FAYETTEVILLE, ARK. —Wal-Mart continues to take the issue of sustainability seriously as a means to improve operations while protecting the environment, and the latest evidence of this can be found at a new Sam’s Club a short drive south of its headquarters.

Located along the east side of I-540 in Fayetteville, the new club is a model of sustainability for Sam’s Club the way Wal-Mart prototype stores in McKinney, Texas, and Aurora, Colo., are for the parent company. Among the key sustainability measures at the new Sam’s Club are 200 skylights, motion sensor activated LED lights in frozen and refrigerated cases and the ability to compost organic waste. Other measures include a closed loop refrigeration system that reduces the use of refrigerant and requires less copper pipe and numerous water conservation features designed to harvest rainwater, filter runoff and reuse water.

As Wal-Mart did in its prototype sustainability stores, Sam’s Club wants those who shop at the location to understand how the building is special since sustainability measures aren’t readily visible. As a result, there is a sign near the entrance to the club that calls out special features, and inside additional signs are located throughout the club. A massive sign explaining the building’s green features is also displayed across the front wall of the building so customers will see it while they are checking out.

The opening of the Fayetteville location marks the second time in the past 12 months that Sam’s has opened a club in its home market of Northwest Arkansas. Last September, a new club opened in Bentonville a short distance from Sam’s headquarters, and that unit feature numerous merchandising experiments, most of which were not extended to the new Fayetteville location. The new location in Fayetteville replaces a club that opened 20 years ago in Springdale, which despite upgrades over the years, was showing its age.

The new location showcases Sam’s Club’s current thinking regarding merchandising, which has remained consistent in recent years as the $41.5 billion warehouse club division has experienced management stability. The strategy involves an ongoing emphasis on small business members blended with an increased effort to broaden the appeal of the product offering by infusing the assortment with items that satisfy small business owners’ personal needs.

The most dramatic evidence of the latter can be found near the entrance to the club where Sam’s has emphasized flat-panel televisions.

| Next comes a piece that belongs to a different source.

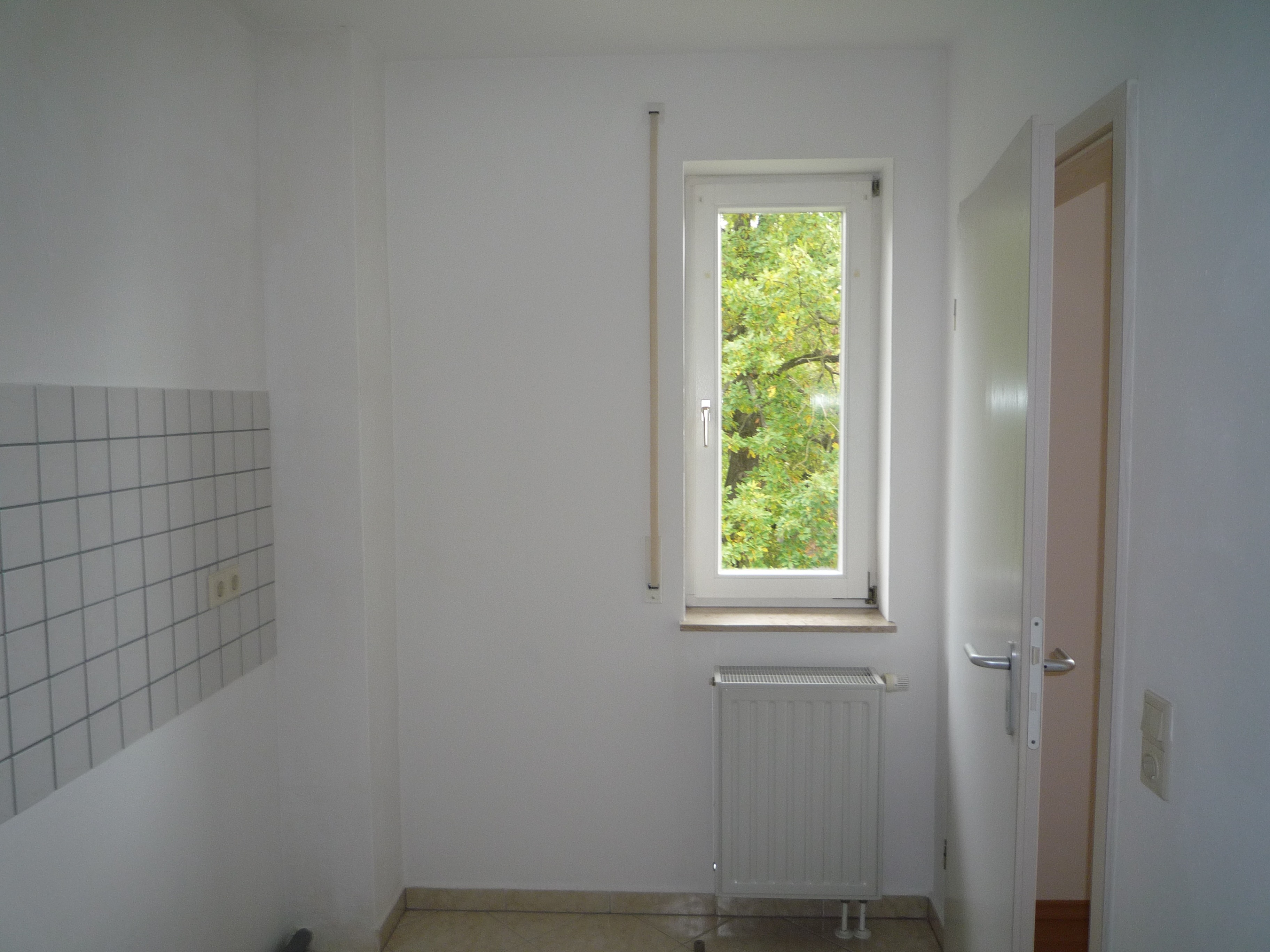 - Küche mit PVC-Belag und Fliesenspiegel

Customers entering the building run into a gauntlet of televisions, with boxed goods along the right side in an area known as the cart rail, while display models are arrayed along the left side. As customers move through this area they encounter one of the club’s more dominant features: a dramatic Sony fixture in the middle of the aisle displaying several large screens to full effect. Moving past this display is yet another display of televisions with Vizio brand stacked on an endcap.

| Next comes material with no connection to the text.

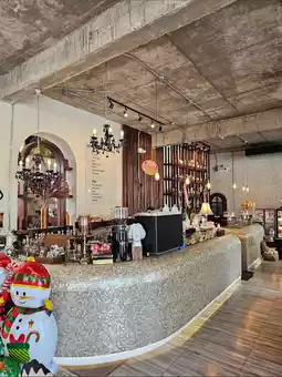 A recommended cafe in Pattaya. Decorated in a French style, the shop is cute, the bread is not expensive, and the cakes, food, and drinks are very cheap. The atmosphere is beautiful, the staff is friendly, and there's parking available. I went on a weekday, so it wasn't crowded, so I could chill out and relax. It's a small shop, but beautifully decorated. Girls should be able to take photos from many angles (if there aren't many people). The shop is decorated in a vintage style. The service is good and the food is recommended. The food is delicious, the croissants are good, and the pizza and spaghetti might not be amazing, but they're good and not bad.

The strategy has paid off for Sam’s in recent years and during the recently ended second quarter, in which Wal-Mart fell short of analysts’ earnings expectations, Sam’s Club was one of the few bright spots. During the second quarter, it grew sales by 8.6% to $11.4 billion from $10.5 billion while same-store sales increased by 5.9%, excluding fuel sales, which are now offered at roughly 70% of clubs. Operating profits increased 11.2% to $447 million from $402 million. Membership revenues increased as more small business owners signed up, gross margins improved and inventories grew at only 4.4% which enabled Sam’s to achieve its goal of growing inventories at half the rate of sales.